Instructions to follow: Which lines of the data hold the word "platforms"? Copy all of them.

[Entries taken from a collection]
★ ★ ★ ★ ★ ★ ★
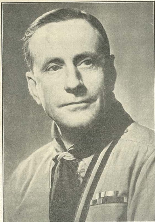
LORD ROWALLAN, Chief Scout.

The influence of that great International Scout gathering had a marked effect on the Movement for it enabled many leaders who attended not only to see something of the greatness of Scouting but also to attend Gilwell Training Courses held at Gilwell Park, Chingford, England, the home of Scout training.
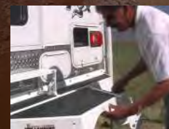
2. Treads fold up...
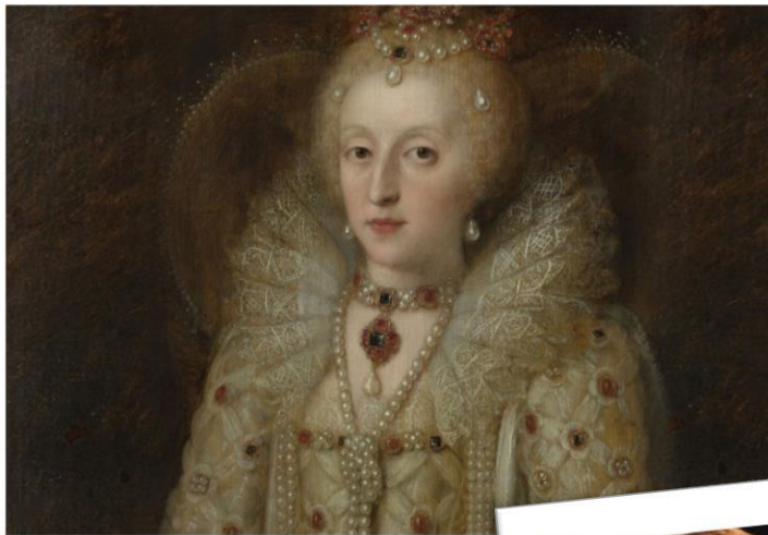
Pearls were once unobtainable by most

only the very rich, and royalty that could gain access to them.
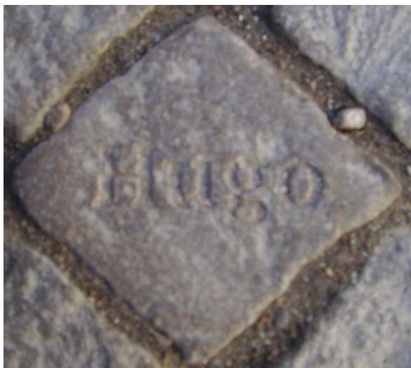
Pavement brick at Tessinparken
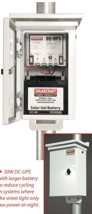
▲ 30W DC-UPS with larger battery to reduce cycling in systems where the street light only has power at night.
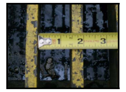
Grate in Midway with 1.5" opening
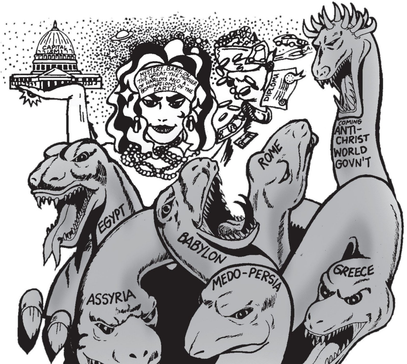
Illustration from publication of The Family International

The Ten Horns and their activities, as we shall learn further ahead, are a particular feature of the Beast that manifests in the End of the Age, along with the simultaneous existence of an 8th Beast (mentioned in 17:11).
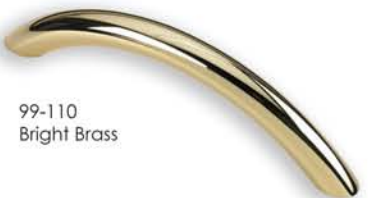
99-110 Bright Brass
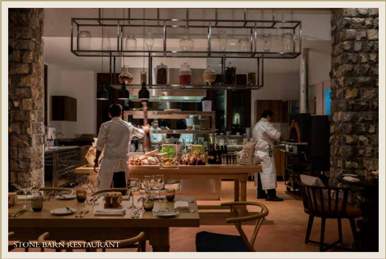
STONE BARN RESTAURANT
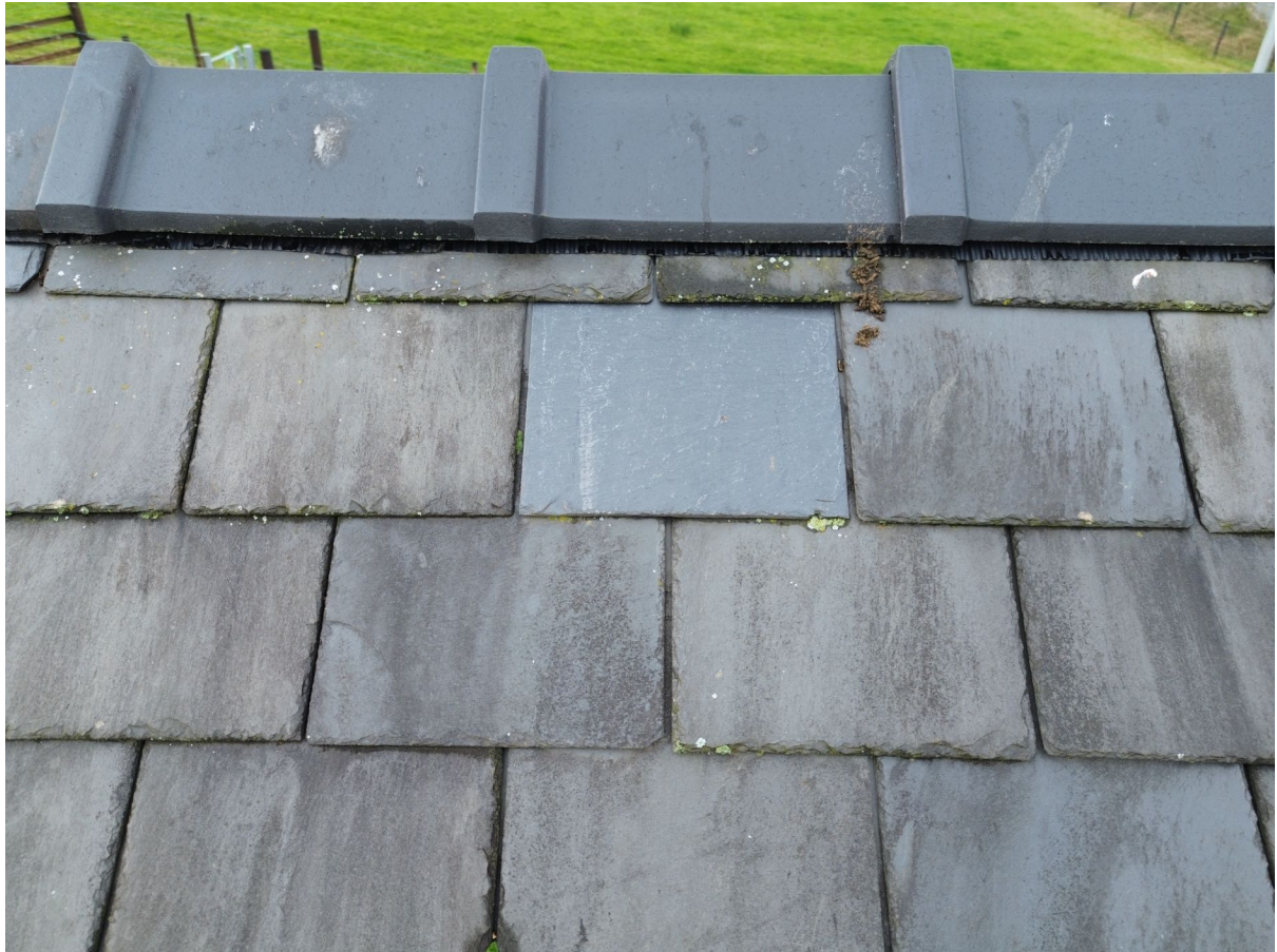
3 – Roof and ridge tiles are in good condition with no suitable gaps.
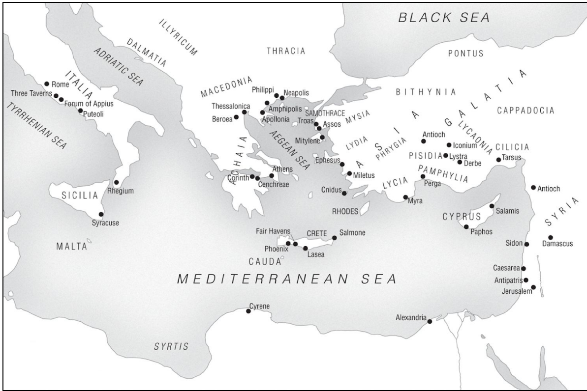
Ancient Map of the Mediterranean
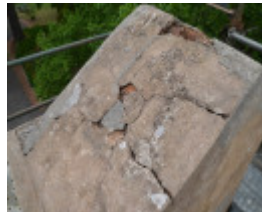
Before Photograph - Reference F3878 2014
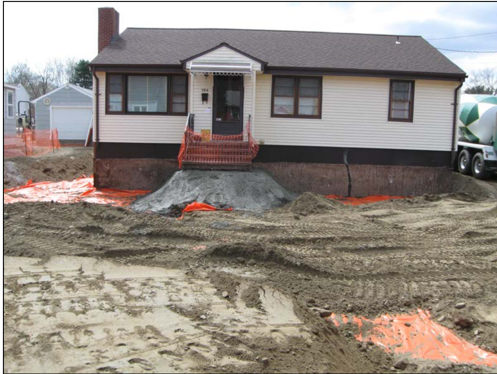
View facing south at excavated front yard.
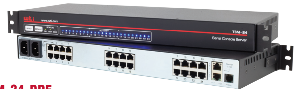
TSM-24-DPE 24 RJ45 RS232 Ports, Dual Power, Dual Ethernet
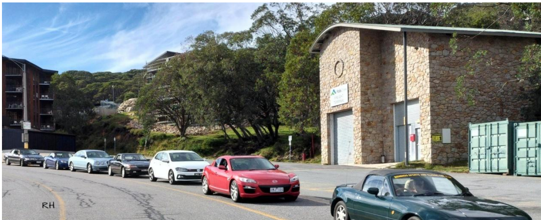
Falls Creek - (RH)
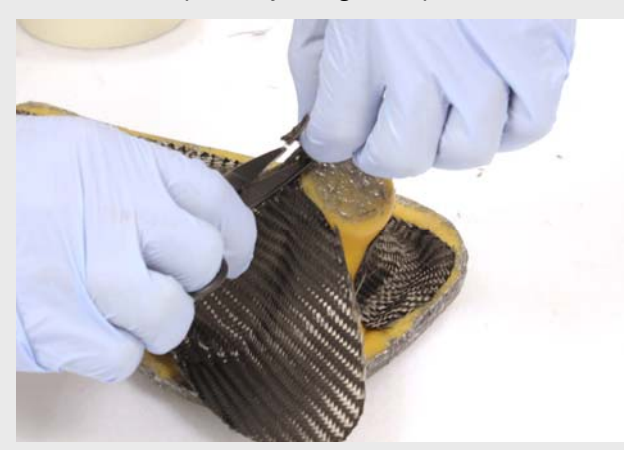
Composites Snips are useful for snipping off small excesses of material
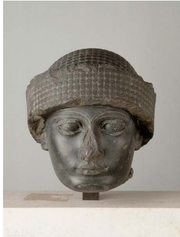
Gudea, Prince of Lagash

Not only stones, shells, and plants travelled between continents; so did live animals, often for political ends. The populace as well as artists discovered ostriches, giraffes, and elephants, which became objects of fascination. Manmade objects followed the same routes; beyond Europeans' well-known yen for exoticism, this exhibition shows that these multiple round trips wove a more complex history.
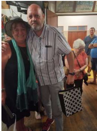
Love and prizes, both are in abundance at Battledress
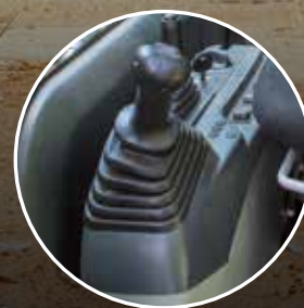
4. HYDRAULIC PILOT CONTROLS WITH PATTERN-CHANGE SELECTOR
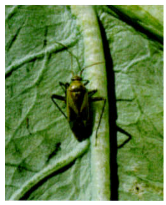
Figure 14. Adult alfalfa plant bug
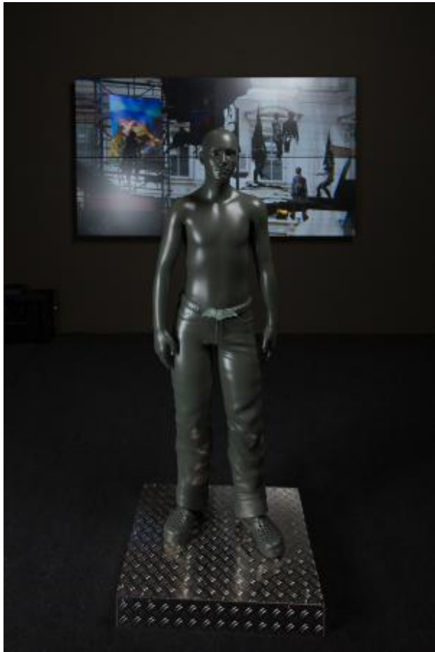
SELO, 2025 Game Engine, Live Simulation
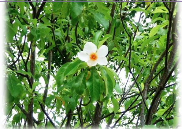
Photo above is one of the natives being considered. It's called Franklin Tree or lost camellia.

www.facebook.com/lakelurefloweringbridge
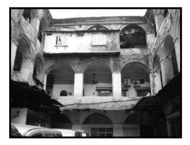
Figure 4. Additional rooms in Buyuk Yeni Inn (17<sup>th</sup> yy) [2]

Such additions were initially made with materials that could easily be removed, but those were later reinforced with more permanent materials such as fired bricks and brick blocks. Over time, new additions have been made on top of those as well. Such additions occupy the central courtyard area, blocking off the structure of the building. It has been found that the owners of the properties, seeking to enlarge their space, have detracted from the architecture of the inns by adding mezzanines on the upper floors of inns, as well as building mezzanine floors in colonnades, knocking down walls to join rooms, blocking off colonnades and building additional rooms in corridors, and building rooms against the facades of the courtyard walls which have in some cases been plastered over and painted (figure 4). The creation of additional rooms by blocking off colonnades and the creation of corridors between them makes it difficult to recognize the colonnades for what they are.
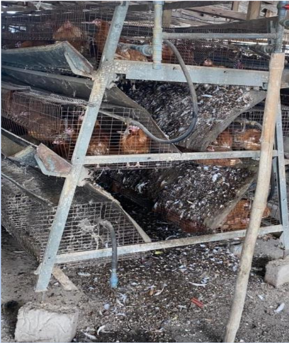
Figure I: A section of the birds in battery cage showing poor biosecurity, dirty dropping boards and floor and feather accumulation

Ascariasis can be controlled by regular anthelmintic treatment. However, frequent administration of anthelmintics can lead to their resistance (Salam, 2015). Since Ascaridia galli eggs require moisture for their survival, it is very important to keep the bedding dry and replacing it regularly with the fresh bedding in order to prevent the infection. All these preventive measures hold greater significance particularly to prevent the young birds from getting infected (Jacobs et al. , 2003). Previously, several researchers have documented findings associated with A. galli infection. These include the detection of nematode eggs in the faeces and the presence of large white worms in the poultry droppings of the bird. The primary treatment for Ascaridia galli includes anthelmintic drugs, mainly piperazine.
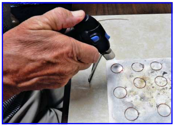
Soldering the rings
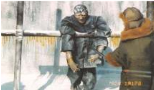
Figure 8. Replica of experiments for frostbite from Unit 731 Exhibit. Hal Gold, Unit 731 Testimony , 132.

Another story tells of the process used by the Japanese military for thawing out frostbitten extremities. The Japanese exposed prisoners to extreme cold and sprayed them with salt water, and then, as gangrene started to form, they would start amputating limbs to keep the victim alive. "To determine the treatment of
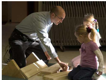
A dad prepares to build a manger with his daughters at Bethia UMC on Christmas Eve.

Be amazed! A pastor friend recently commented that he is concerned by the number of people (pastors specifically) who seem to be worn down and really don't expect God to do anything exciting anymore.
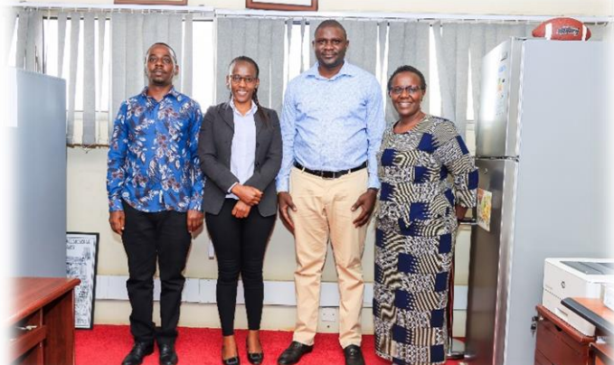
Figure 5: CECM & Deputy Director Education Nairobi County & ECDNeK Secretariat
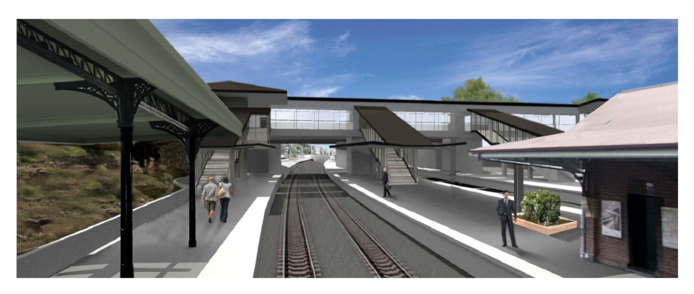
Figure 2 8: Architect's visualisation of likely view from station platforms (by CCG)

Positive changes to views from the platforms, resulting from the revised Project, include:
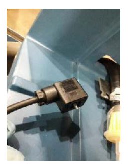
Solenoid without the seal
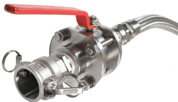
CAMLOCK coupling socket type DU 1" in AISI 316 stainless steel mounted to a flanged ball valve using a DN-type adaptor (sealing with a flat gasket). All connected to B-FLEX steel hose DN25.

* - available with E-CTFE lining, example index: AC-DU-100-SSE
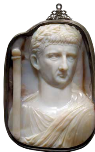
Camée: Claude , Rome, règne de Claude, Calcédoine (monture: argent doré). Vienne, Kunst Historisches Museum, département des antiquités grecques et romaines.
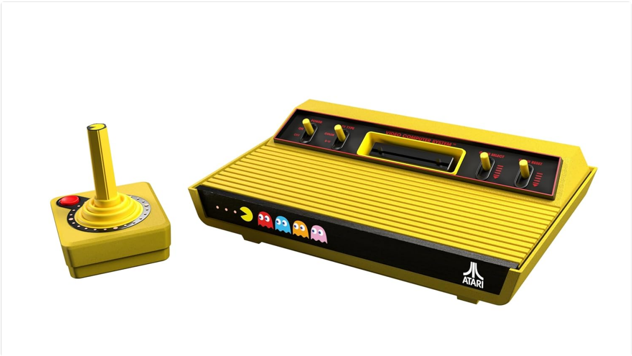
Image 3.1: The Atari 2600+ console alongside its wireless CX-40+ joystick.
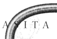
Federation of Scientific Associations for Territorial and Environment Information
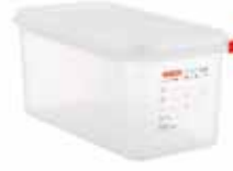
ref. 3031 / 6L 325x176x150 mm
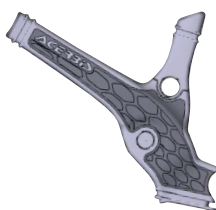
B - (1 pcs.)
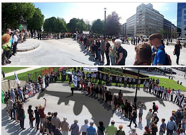
April 22, Rally in Brussels against fighter aircraft. Symbolic Action "No to fighter planes!" Organised by Vrede VZW
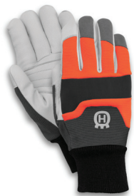
GLOVES WITH SAW PROTECTION, FUNCTIONAL SIZE - 12 595 00 39-12
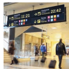
Indoor analog single face

No second hand on minute pulse 12...60 V controlled slave clocks.
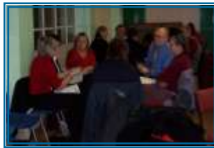
SNOOP, The Thornbury Centre, Yorkshire Water & Rockwell Nursery
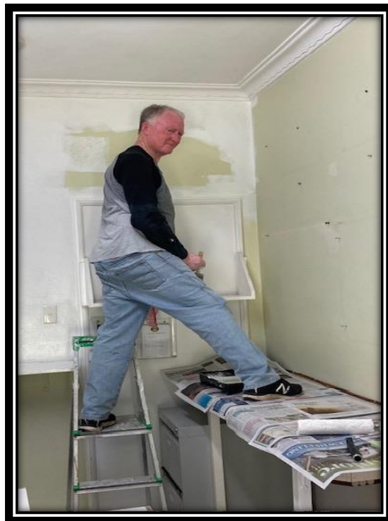
A painter that wears Nikies must be good

That's all from the Croquet hut till next time. Enjoy the holiday with your family and friends, and we will see you in two weeks on a croquet lawn that is recognised as one of the best lawns in Sydney.
★ ★ ★ ★ ★ ★ ★
Answer to this problem:
Figure 2 8: Architect's visualisation of likely view from station platforms (by CCG)
Positive changes to views from the platforms, resulting from the revised Project, include:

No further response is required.